**INPUT**
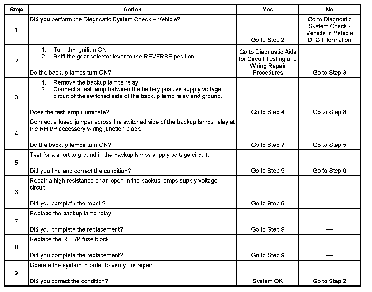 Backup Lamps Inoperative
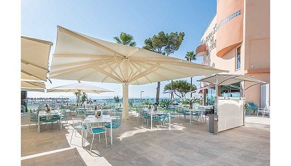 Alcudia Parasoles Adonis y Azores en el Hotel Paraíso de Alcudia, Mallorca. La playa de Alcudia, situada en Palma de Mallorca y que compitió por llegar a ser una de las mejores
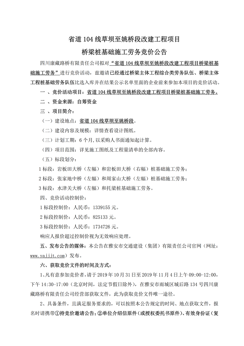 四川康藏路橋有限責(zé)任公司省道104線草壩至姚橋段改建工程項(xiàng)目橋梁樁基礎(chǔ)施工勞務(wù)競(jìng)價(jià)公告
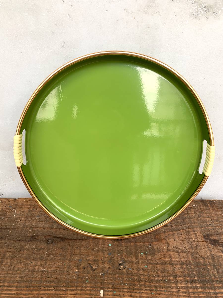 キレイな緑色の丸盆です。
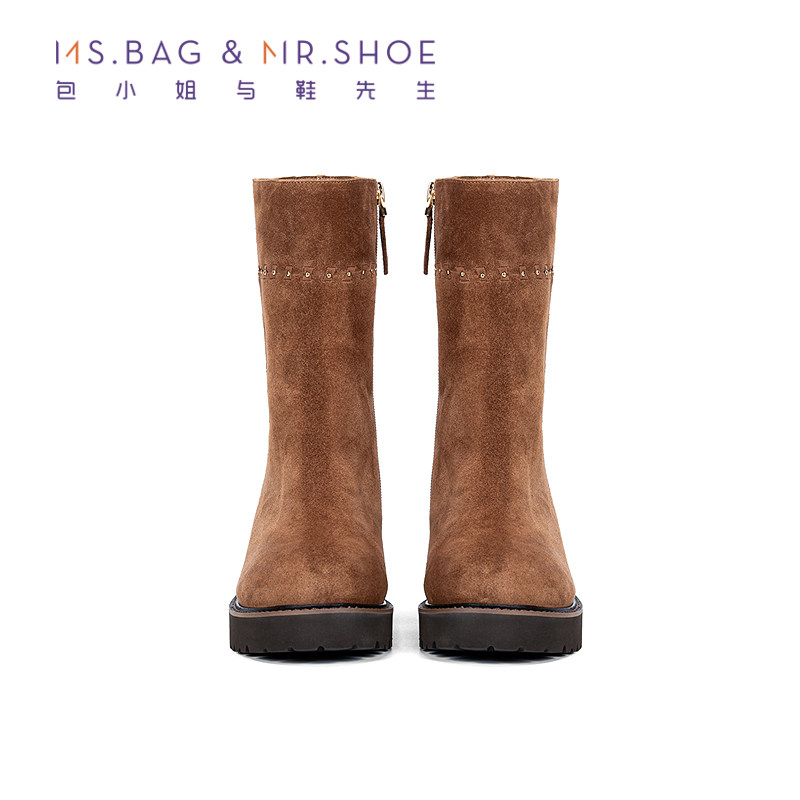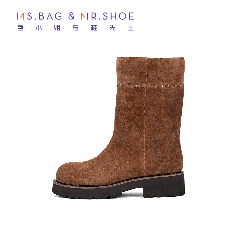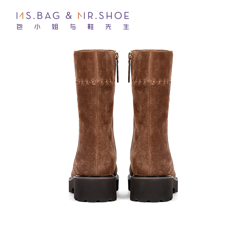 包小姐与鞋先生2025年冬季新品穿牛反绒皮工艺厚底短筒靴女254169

---

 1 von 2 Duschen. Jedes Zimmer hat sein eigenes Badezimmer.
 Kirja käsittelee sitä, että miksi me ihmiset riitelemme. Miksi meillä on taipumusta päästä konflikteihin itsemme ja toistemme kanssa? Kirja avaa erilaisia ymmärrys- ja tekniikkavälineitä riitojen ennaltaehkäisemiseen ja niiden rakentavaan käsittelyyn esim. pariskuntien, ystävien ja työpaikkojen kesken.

**PROBLEM TO WORK ON**
The answer must be the lines above from the one containing "四川康藏路橋有限責(zé)任" through the one containing "包小姐与鞋先生2025年冬季新品穿牛反绒皮工艺厚底短筒靴女254169", reproduced exactly, with no pictures and nothing else.

**RESULT OF THE EXERCISE**
 四川康藏路橋有限責(zé)任公司省道104線草壩至姚橋段改建工程項(xiàng)目橋梁樁基礎(chǔ)施工勞務(wù)競(jìng)價(jià)公告
 キレイな緑色の丸盆です。
 包小姐与鞋先生2025年冬季新品穿牛反绒皮工艺厚底短筒靴女254169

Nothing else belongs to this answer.